Bernard Magrez, owner of the Bordeaux Grand Cru Château Pape Clement and some two-and-a-half dozen other French wine estates, has purchased a 500-acre property in Chile’s Colchagua Valley and plans to produce 10,000 cases of wine annually there under the “Hacienda Serenidad” label. To facilitate the purchase, Magrez sold three of his lesser Bordeaux estates — Bois Pursuit, Bois Chant and Haut Mouldered — to the large-scale wine producer Grands Chais de France.


Last year was a banner one for Spanish wine exports, as out-of-country sales topped $2.7 billion, a 12.4 percent increase over the previous year.


What’s the world’s largest Cognac-consuming country? It’s the U.S., which last year imported a record 4.5 million cases of that wondrous, wine-based French spirit.


It appears that wine has finally gone to the dogs. Muttropolis Dog and Cat Boutiques in Solana Beach, California is selling an eco-friendly “Whiner Diner Feeder” for canines that, according to Marketing Director Dana Humphrey, “is artfully crafted from authentic reclaimed natural wood wine crates” from France, Italy and California. Moreover, says Humphrey, “each ... feeder is unique,” and “all pieces are Made in the U.S.A.” Prices range from $169 to $199. To learn more, visit the Muttropolis website: www.muttropolis.com.
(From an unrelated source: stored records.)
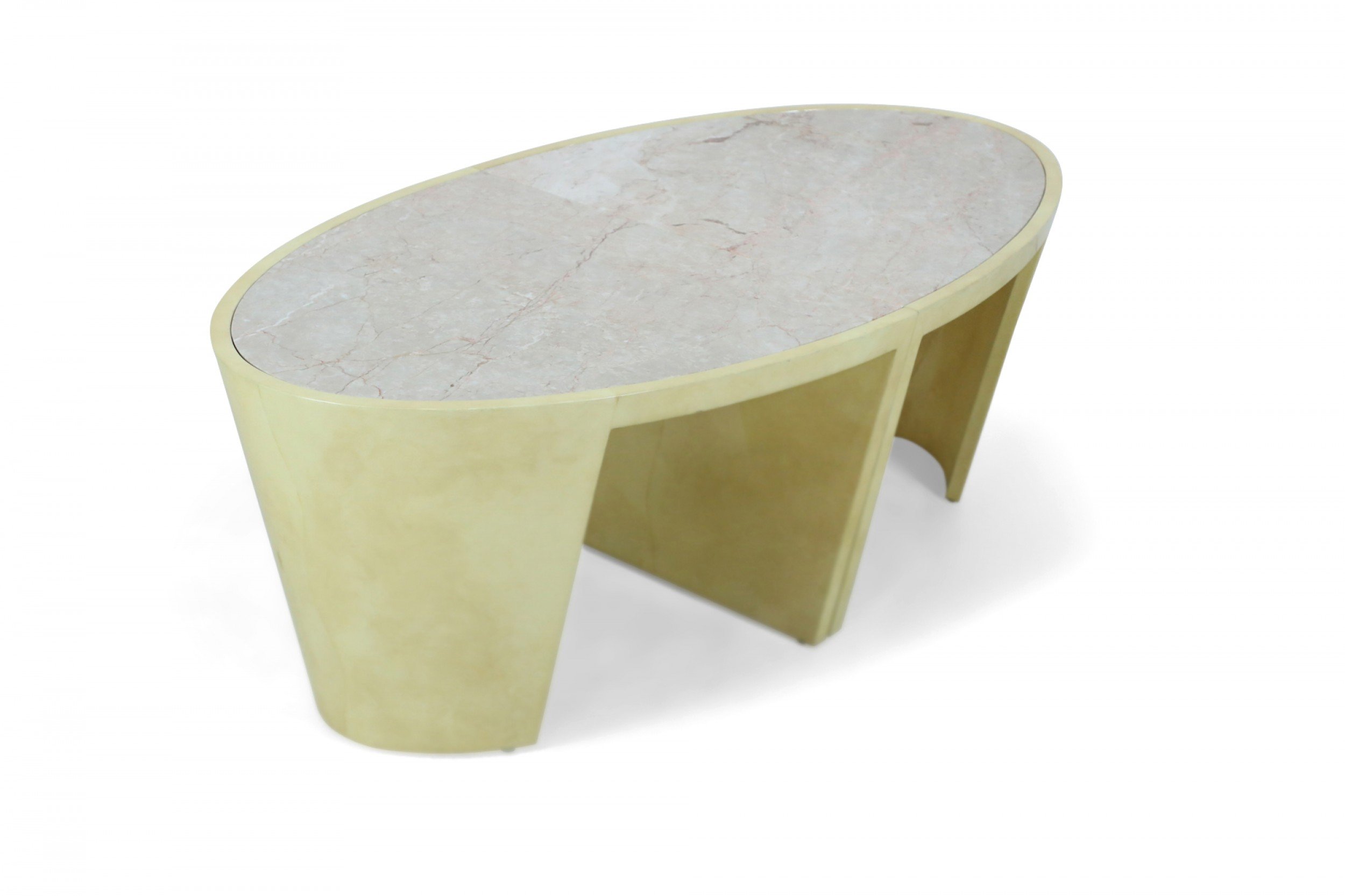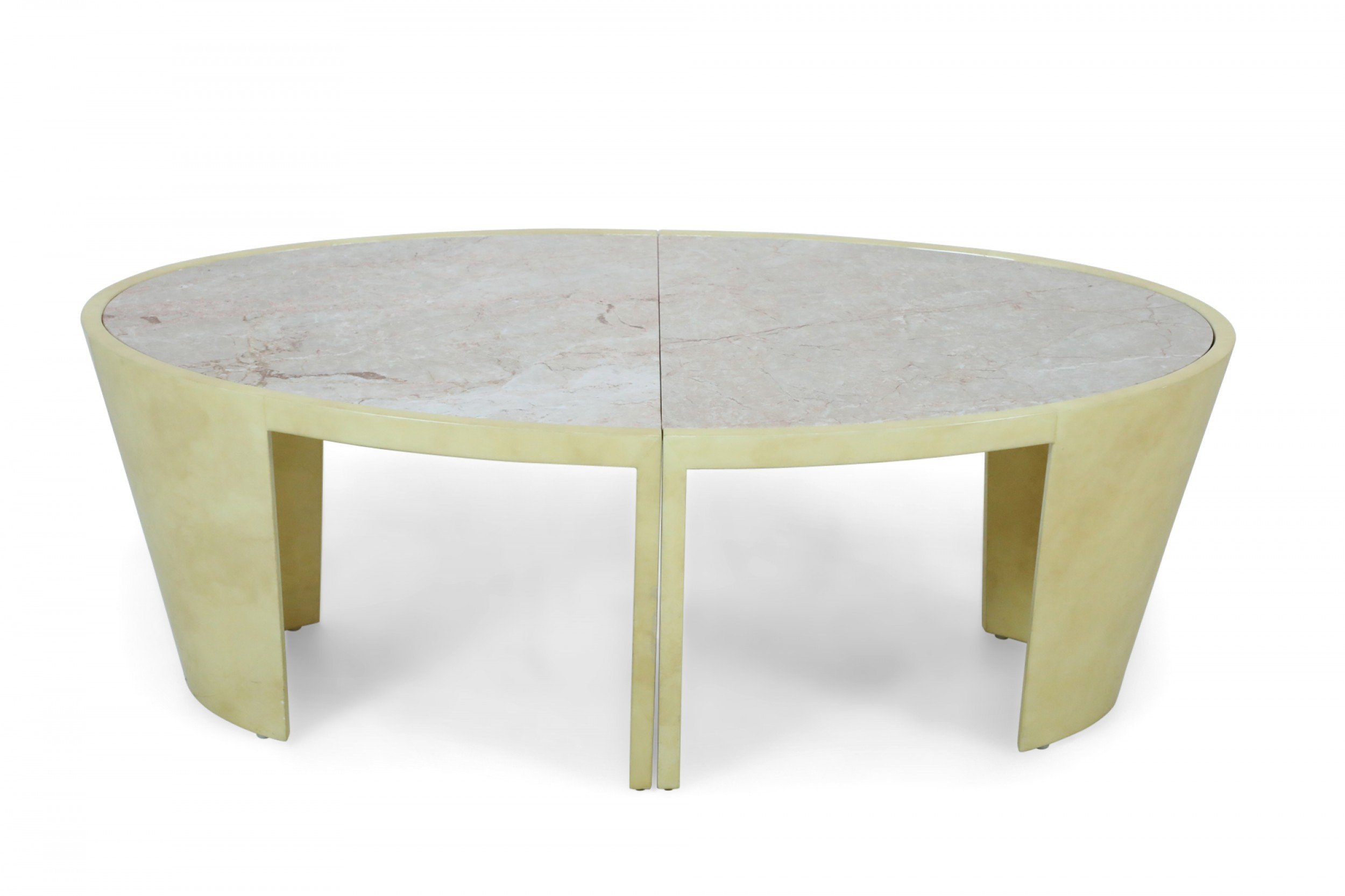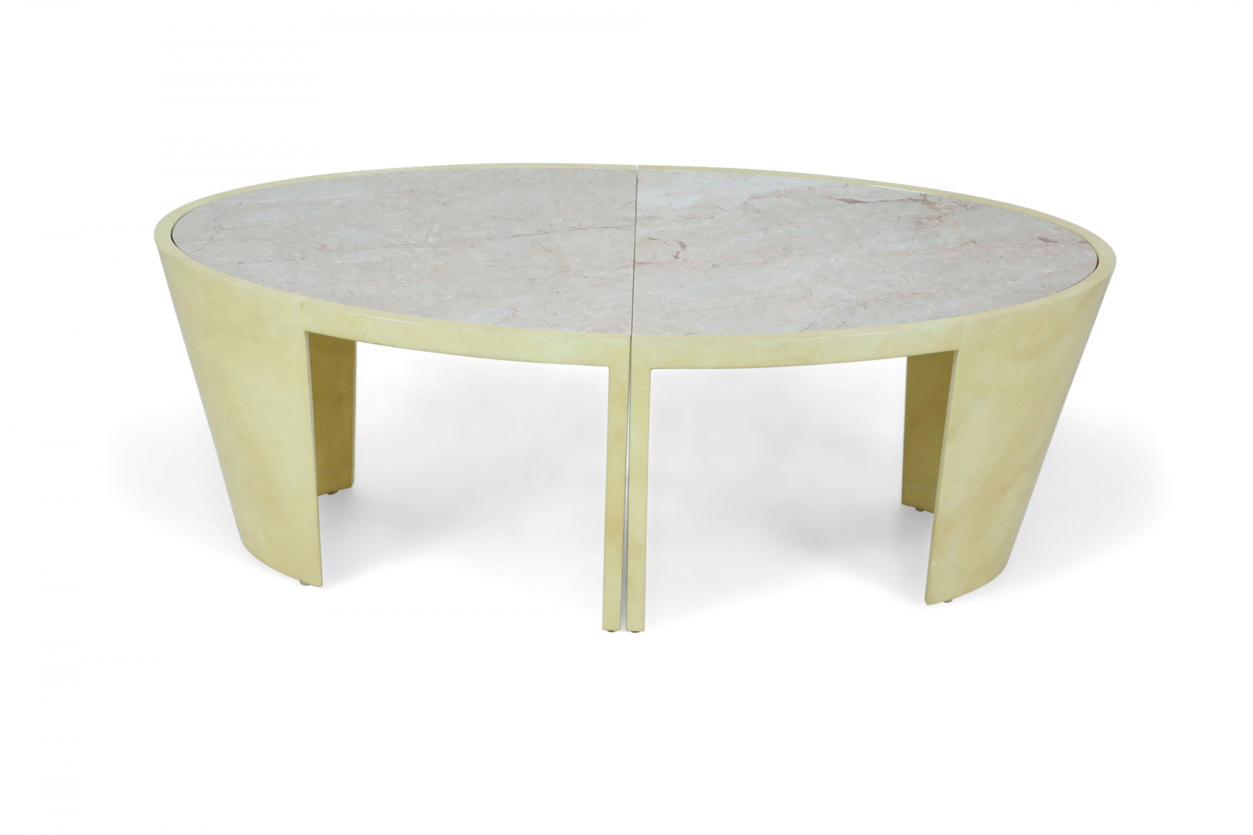 Italian Contemporary Two-Piece Oval Parchment and Marble Coffee Table
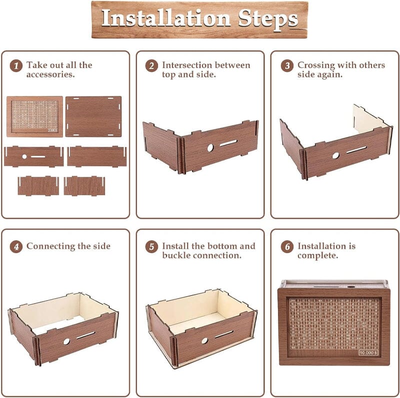 • Package: 1*Wooden money box with engraved figures
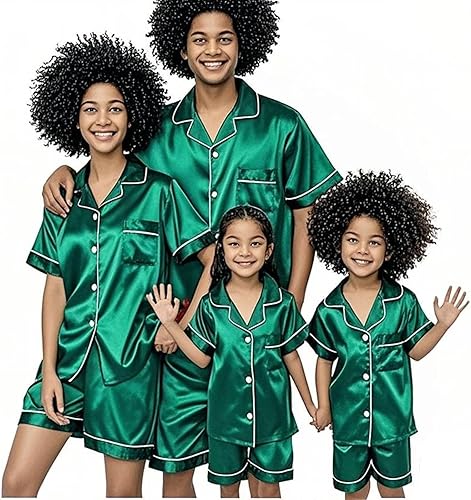Design: The design of the silk pajamas for family short-sleeved shorts is suitable for keeping the body cool and facilitating the movement of the limbs. The tight button closure adds a retro and sophisticated feel.
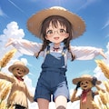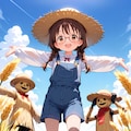 委員長ちゃんやポーズや服装では大きな問題はなかったんですが、問題は田んぼが色々プロンプトを試してみてもうまく出ないこと(外部生成では案山子を作ると関連で稲穂垂れる田んぼになることも多いのですが)。そこでAI生成でより学習されてるであろう「麦畑(wheat field)」で代用してみました。多少は田んぼと違う面もあるようですが言わなければ多分気づかれないレベルでそっくりかと(苦笑)。

Italian producers of sparkling Prosecco are furious at a new Australian Prosecco being promoted by hotel heiress Paris Hilton. Distributed under the brand-name Rich, the Oz Prosecco comes in cans and uses beefcake images of Ms. Hilton in its advertising. “Paris Hilton is sensationalism,” a spokesman for Italian Prosecco told Reuters. “It’s not good. It’s not adequate for Prosecco.” Could this be the end of civilization as we know it?